RESULTS_DIR = os.path.join(PROJECT_ROOT, "results", "iteration_2")
PREP_DIR = os.path.join(RESULTS_DIR, "prep_1_3_11")
os.makedirs(PREP_DIR, exist_ok=True)

FEATS_CSV = os.path.join(RESULTS_DIR, "features_v2.csv")
FEATS_PQ  = os.path.join(RESULTS_DIR, "features_v2.parquet")
SEL_TXT   = os.path.join(RESULTS_DIR, "selected_features_v1.txt")

# === Load features ===
if os.path.exists(FEATS_CSV):
    df = pd.read_csv(FEATS_CSV, low_memory=False)
elif os.path.exists(FEATS_PQ):
    df = pd.read_parquet(FEATS_PQ)
else:
    raise SystemExit("features_v2 not found under results/iteration_2.")

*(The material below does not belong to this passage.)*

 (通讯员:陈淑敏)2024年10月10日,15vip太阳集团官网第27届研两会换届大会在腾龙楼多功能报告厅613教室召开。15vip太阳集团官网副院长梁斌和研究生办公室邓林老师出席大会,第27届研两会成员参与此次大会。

print("Loaded features:", df.shape)

# === Identify columns ===
ID_CANDS = ["num_serie_contador", "polissa_id"]
TIME_COLS = ["datetime","date","data_inici","data_fi","year","month","dayofweek","hour"]
LABEL = "y_anom" if "y_anom" in df.columns else None

id_col = next((c for c in ID_CANDS if c in df.columns), None)

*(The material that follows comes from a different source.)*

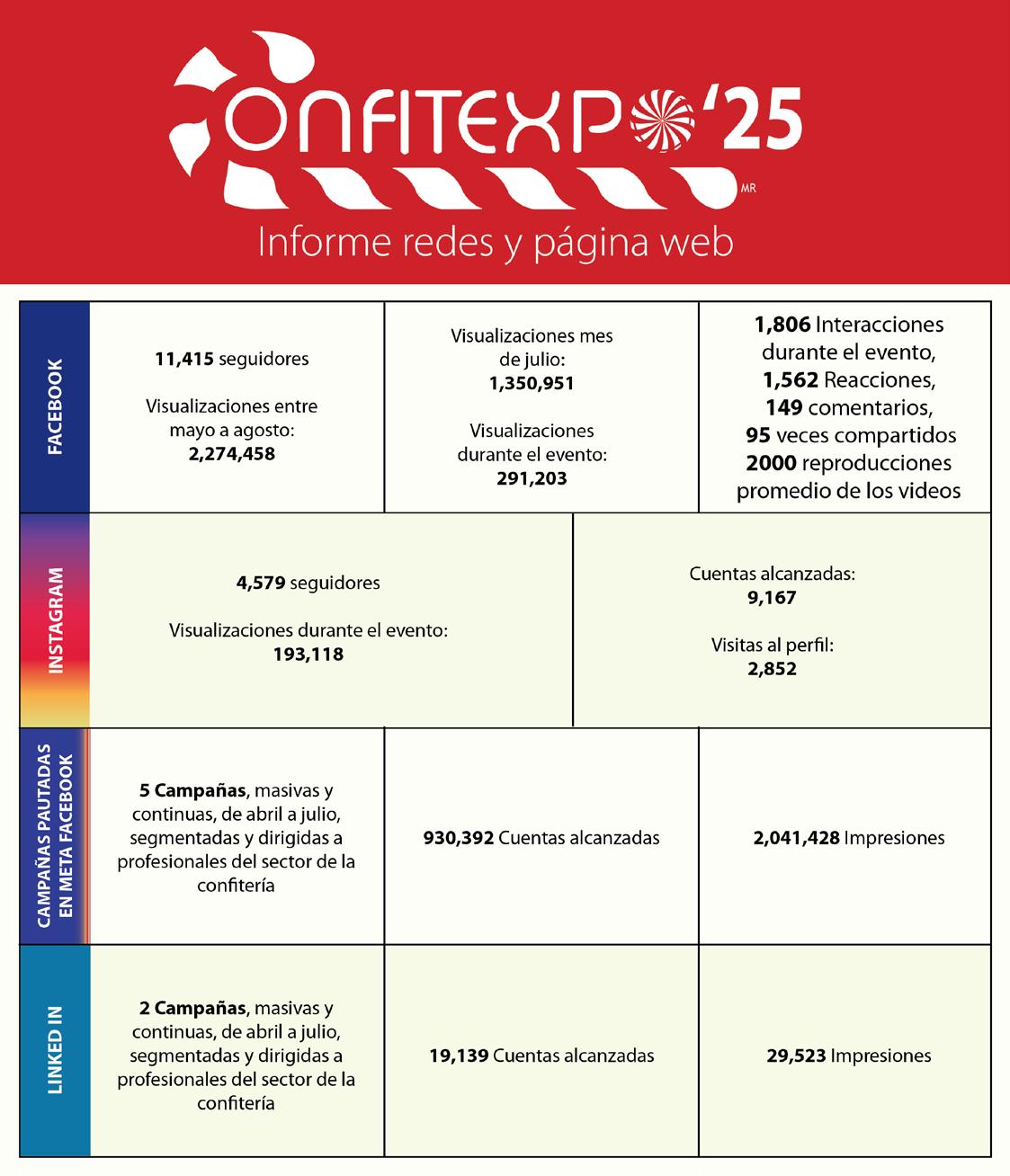 Confitexpo se ha consolidado como un punto de encuentro clave y estratégico para el sector confitero, no solo por su relevancia presencial, sino también por su creciente impacto en el entorno digital. El alcance en redes sociales ha sido significativo gracias a la transmisión en streaming de entrevistas con expositores, lo que ha permitido ampliar la visibilidad del evento y hacerlo accesible en línea para audiencias más amplias.

# Selected features from 1.3.10
if os.path.exists(SEL_TXT):
    with open(SEL_TXT, "r", encoding="utf-8") as f:
        selected = [ln.strip() for ln in f if ln.strip() and ln.strip() in df.columns]
else:
    # Fallback: take numeric columns not including ids/time/label
    exclude = set(ID_CANDS + TIME_COLS + ([LABEL] if LABEL else []) + ["codi_anomalia"])
    selected = [c for c in df.columns if pd.api.types.is_numeric_dtype(df[c]) and c not in exclude]

# Persist the resolved list
with open(os.path.join(PREP_DIR, "selected_features_resolved.txt"), "w") as f:
    for c in selected:
        f.write(c + "\n")

# === Build the modeling table (X + y + id/time for context) ===
keep_cols = list(dict.fromkeys((selected + ([LABEL] if LABEL else []) + ID_CANDS + TIME_COLS)))
keep_cols = [c for c in keep_cols if c in df.columns]
mod = df[keep_cols].copy()

# Ensure numeric dtype on features
for c in selected:
    mod[c] = pd.to_numeric(mod[c], errors="coerce")

# === Split: 70/15/15 ===
N = len(mod)
split_assign = pd.Series(index=mod.index, dtype="string")

has_label = (LABEL is not None) and mod[LABEL].notna().any() and mod[LABEL].nunique() >= 2

if id_col is not None:
    # Group-aware: split on groups
    gss1 = GroupShuffleSplit(n_splits=1, train_size=0.70, random_state=42)
    tr_idx, hold_idx = next(gss1.split(mod, groups=mod[id_col]))
    # valid/test from holdout
    hold = mod.iloc[hold_idx]
    gss2 = GroupShuffleSplit(n_splits=1, train_size=0.50, random_state=43)
    va_idx_rel, te_idx_rel = next(gss2.split(hold, groups=hold[id_col]))
    va_idx = hold.index[va_idx_rel]
    te_idx = hold.index[te_idx_rel]
else:
    if has_label:
        sss1 = StratifiedShuffleSplit(n_splits=1, train_size=0.70, random_state=42)
        tr_idx, hold_idx = next(sss1.split(mod, mod[LABEL].fillna(0)))
        sss2 = StratifiedShuffleSplit(n_splits=1, train_size=0.50, random_state=43)
        va_rel, te_rel = next(sss2.split(mod.iloc[hold_idx], mod.iloc[hold_idx][LABEL].fillna(0)))
        va_idx = mod.iloc[hold_idx].index[va_rel]
        te_idx = mod.iloc[hold_idx].index[te_rel]
    else:
        rng = np.random.default_rng(42)
        idx = np.arange(N)
        rng.shuffle(idx)
        tr_cut = int(0.70*N)
        va_cut = tr_cut + int(0.15*N)
        tr_idx, va_idx, te_idx = idx[:tr_cut], idx[tr_cut:va_cut], idx[va_cut:]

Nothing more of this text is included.